The shank is the bridge between the heel and the ball area of the shoe. It is a reinforcing material that is arched and somewhat narrowed to conform roughly to the narrow underpart arch area of the midfoot. Shanks are not common in wedge-soled shoes but are important for torsional rigidity in shoes with heels to support the metatarsal arch.

Tongues

Tongues are designed primarily to protect the dorsum of the foot from dirt, moisture, and lace pressure. Lacing loops or tongue slits help to prevent the tongue from slipping.

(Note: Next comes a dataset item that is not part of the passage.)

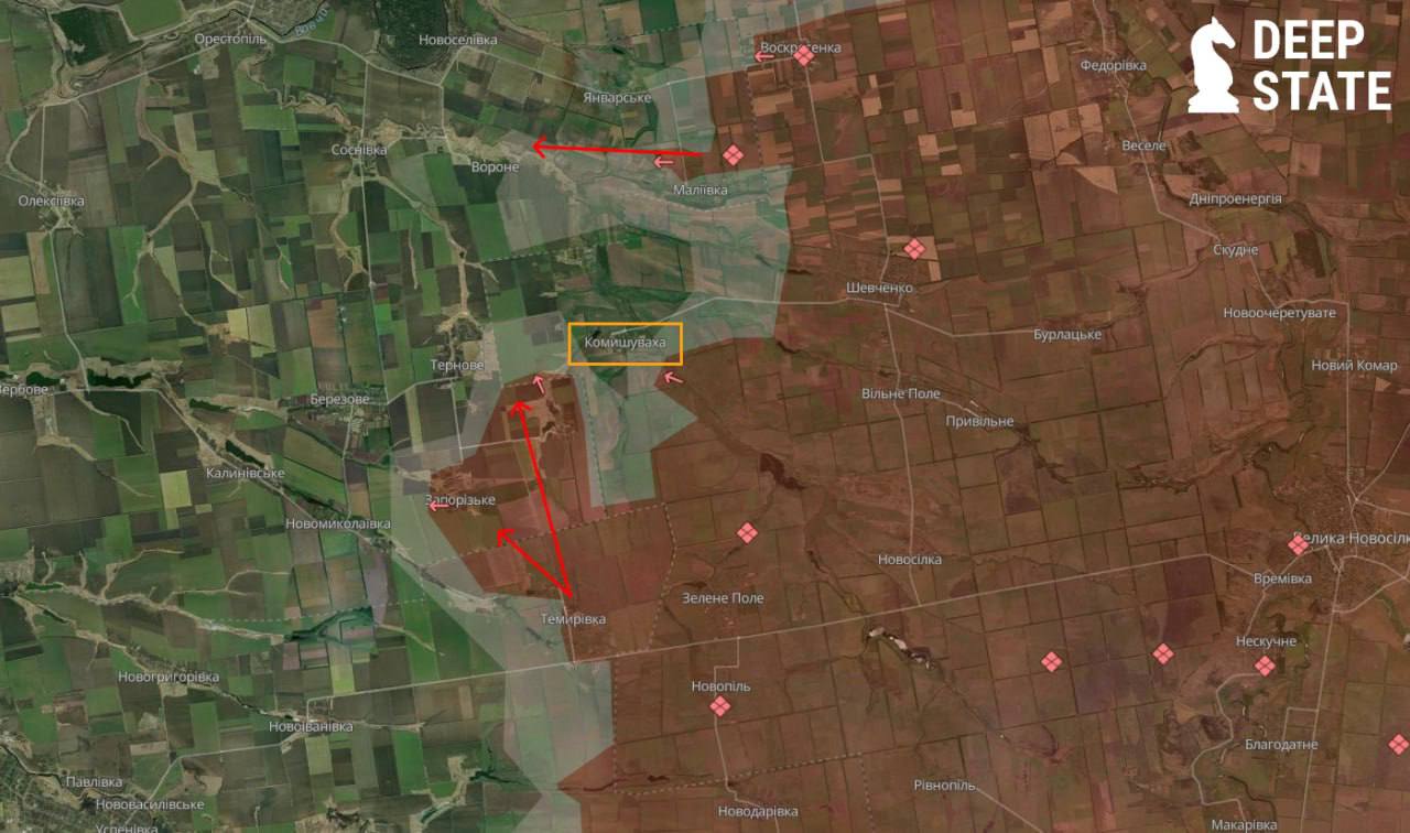 За даними команди DeepState, російські війська захопили села Запорізьке і Новогеоргіївка в Дніпропетровській області. Генштаб ЗСУ спростовує ці дані і заявляє про гарячі бої за населені пункти.

Sock linings, arch supports, and inserts

Sock linings cover the insole and improve comfort and appearance. A prime function of the sock lining is to serve as a buffer zone between the shoe and the foot. Sock linings are molded, soft support systems that can function in aeration, moisture absorption, hygiene, shock absorption, and motion control. Arch supports, heel cups, and other types of padding can be added to provide support, cushioning, and motion control. Custom-molded “foothotics” have been made popular by the ski industry. These semirigid insole devices are custom molded to the foot and may help increase comfort, shock absorption, and performance. Custom insoles can be used in any sport shoe, provided there is enough room to accommodate the insert.

Air soles

First introduced in 1979 by Nike, this concept used encapsulated air units in the midsole to enhance cushioning. Ambient air (Etonic) or Freon (Nike) also can be used. Depending on the model, the air units may be in the heel, forefoot, or both. Initial reports noted that, although air systems had superior shock absorption and potential energy rebound, stability was poor.⁴ Stability in the context of sports refers to the ability of the shoe to resist excessive or unwanted motions of the foot and ankle. Shoes with soft, well-cushioned midsoles allow significantly more motion than firmer shoes, and a poor design can encourage instability. Newer designs have addressed the stability problem with success. Air systems are not as susceptible to compaction as EVA, PU, and other midsole materials and therefore are thought to be more durable.

Energy return

Compression of a viscoelastic midsole material allows a small amount of strain energy to be stored in the compressed elastic components of the midsole. Theoretically, when weight is released the elastic components spring back and stored energy is returned to the athlete. It has been suggested that by increasing the energy return of a shoe, the oxygen cost of an activity can be reduced and performance enhanced. There is little evidence to support these claims. The arch of the human foot is also a viscoelastic system and therefore can return energy.^5,6

The “pumps”

The pumps are actually inflatable linings in the tongue and other parts of the shoe that are pumped up by a device built into the top of the shoe. This provides a tight, secure fit. Both Nike and Reebok have used this fit feature.

Replaceable plug systems

A heel plug is found in multidensity outsoles, where the most durable rubber is placed in the high-wear area of the heel. Adidas designed a rear-foot plug system that allows three different hardnesses of replaceable plug to be inserted into the heel wedge to improve shock absorption. Brooks marketed a pronation control system that allows pronation to be controlled by inserting medial heel plugs of varying hardness.

Pronation control devices

Control over pronation in runners and other athletes is a major concern of the sport shoe industry. Most of the motion-control features fall into two categories: (1) a harder density material built into the medial aspect of the midsole and/or heel to counteract pronation and (2) an added medial component to the inside or outside of the shoe that limits pronation. In the past, most of the pronation-control devices have focused on the rear foot. More attention now is placed on controlling the entire foot.